Reproduce the records below exactly, but leave their pictures out of the copy.

### Source records

········

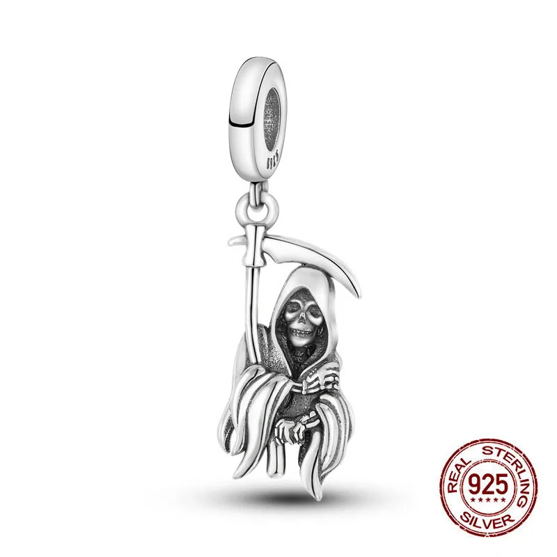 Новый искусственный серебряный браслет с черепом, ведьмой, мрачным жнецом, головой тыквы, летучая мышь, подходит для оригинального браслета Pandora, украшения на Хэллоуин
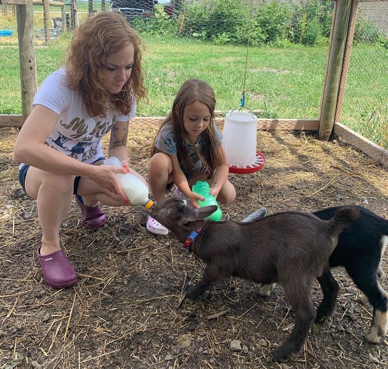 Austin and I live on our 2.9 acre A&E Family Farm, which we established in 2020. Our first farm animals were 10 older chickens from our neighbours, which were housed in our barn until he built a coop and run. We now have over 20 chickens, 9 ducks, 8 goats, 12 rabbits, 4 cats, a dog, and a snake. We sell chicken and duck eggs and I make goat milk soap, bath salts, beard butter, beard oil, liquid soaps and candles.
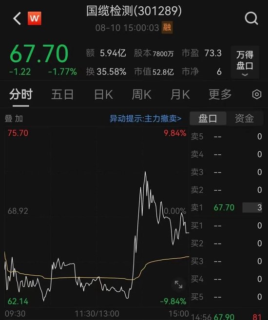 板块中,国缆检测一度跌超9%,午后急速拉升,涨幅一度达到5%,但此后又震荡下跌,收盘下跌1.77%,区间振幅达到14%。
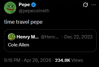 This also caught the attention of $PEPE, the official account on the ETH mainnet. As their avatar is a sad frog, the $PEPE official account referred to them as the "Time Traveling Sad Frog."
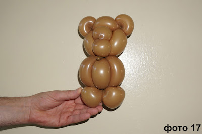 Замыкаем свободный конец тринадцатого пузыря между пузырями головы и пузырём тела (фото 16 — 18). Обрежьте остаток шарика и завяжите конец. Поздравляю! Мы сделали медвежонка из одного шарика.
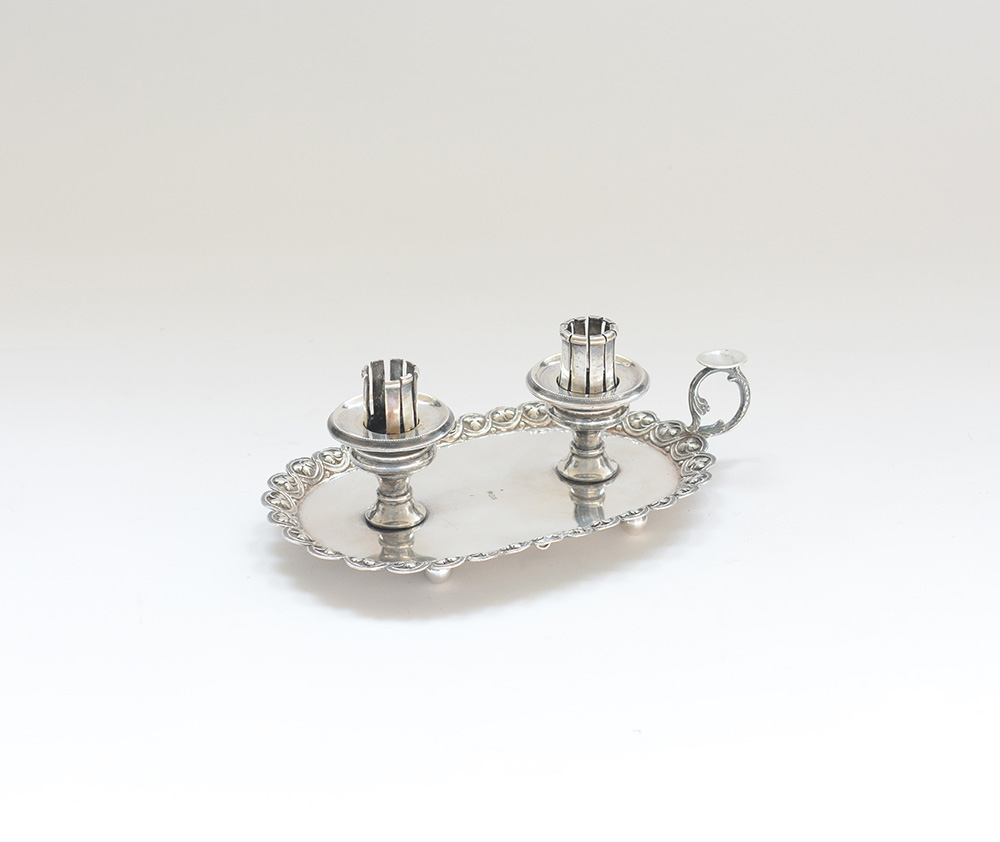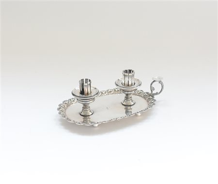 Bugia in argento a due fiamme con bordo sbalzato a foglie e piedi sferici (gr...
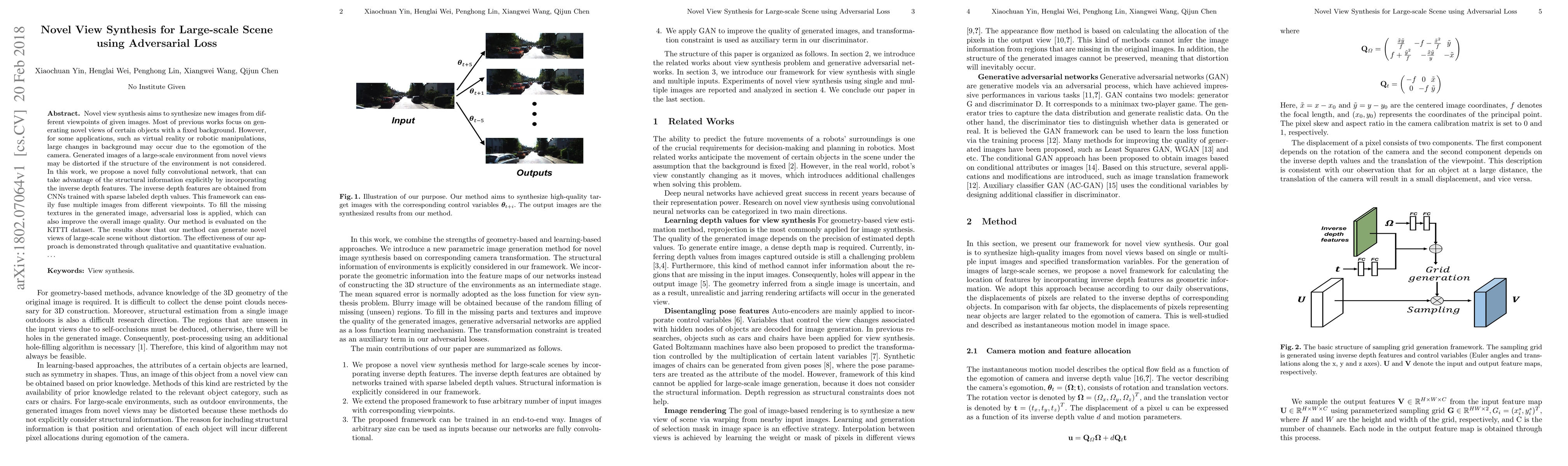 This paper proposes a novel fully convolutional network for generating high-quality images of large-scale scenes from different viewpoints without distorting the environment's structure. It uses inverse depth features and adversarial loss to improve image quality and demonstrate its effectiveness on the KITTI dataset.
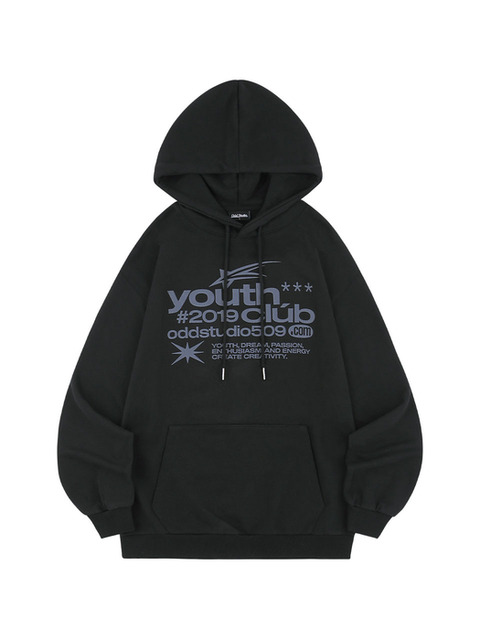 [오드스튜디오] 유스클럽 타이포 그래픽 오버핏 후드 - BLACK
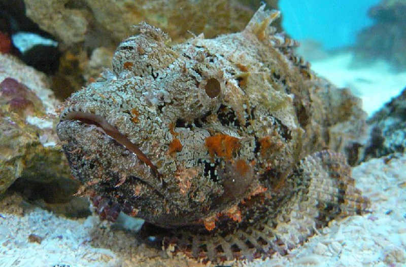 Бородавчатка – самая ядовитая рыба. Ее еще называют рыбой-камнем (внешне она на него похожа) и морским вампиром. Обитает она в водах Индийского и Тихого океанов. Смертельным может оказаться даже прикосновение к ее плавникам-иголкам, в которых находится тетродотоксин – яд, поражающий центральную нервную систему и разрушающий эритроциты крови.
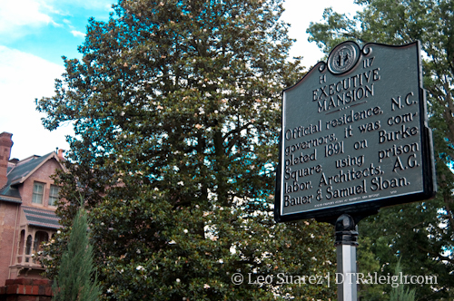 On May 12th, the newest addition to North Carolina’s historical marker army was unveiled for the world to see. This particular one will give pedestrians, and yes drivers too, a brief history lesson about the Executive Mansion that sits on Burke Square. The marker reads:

········

### Task response
 Новый искусственный серебряный браслет с черепом, ведьмой, мрачным жнецом, головой тыквы, летучая мышь, подходит для оригинального браслета Pandora, украшения на Хэллоуин
 Austin and I live on our 2.9 acre A&E Family Farm, which we established in 2020. Our first farm animals were 10 older chickens from our neighbours, which were housed in our barn until he built a coop and run. We now have over 20 chickens, 9 ducks, 8 goats, 12 rabbits, 4 cats, a dog, and a snake. We sell chicken and duck eggs and I make goat milk soap, bath salts, beard butter, beard oil, liquid soaps and candles.
 板块中,国缆检测一度跌超9%,午后急速拉升,涨幅一度达到5%,但此后又震荡下跌,收盘下跌1.77%,区间振幅达到14%。
 This also caught the attention of $PEPE, the official account on the ETH mainnet. As their avatar is a sad frog, the $PEPE official account referred to them as the "Time Traveling Sad Frog."
 Замыкаем свободный конец тринадцатого пузыря между пузырями головы и пузырём тела (фото 16 — 18). Обрежьте остаток шарика и завяжите конец. Поздравляю! Мы сделали медвежонка из одного шарика.
 Bugia in argento a due fiamme con bordo sbalzato a foglie e piedi sferici (gr...
 This paper proposes a novel fully convolutional network for generating high-quality images of large-scale scenes from different viewpoints without distorting the environment's structure. It uses inverse depth features and adversarial loss to improve image quality and demonstrate its effectiveness on the KITTI dataset.
 [오드스튜디오] 유스클럽 타이포 그래픽 오버핏 후드 - BLACK
 Бородавчатка – самая ядовитая рыба. Ее еще называют рыбой-камнем (внешне она на него похожа) и морским вампиром. Обитает она в водах Индийского и Тихого океанов. Смертельным может оказаться даже прикосновение к ее плавникам-иголкам, в которых находится тетродотоксин – яд, поражающий центральную нервную систему и разрушающий эритроциты крови.
 On May 12th, the newest addition to North Carolina’s historical marker army was unveiled for the world to see. This particular one will give pedestrians, and yes drivers too, a brief history lesson about the Executive Mansion that sits on Burke Square. The marker reads:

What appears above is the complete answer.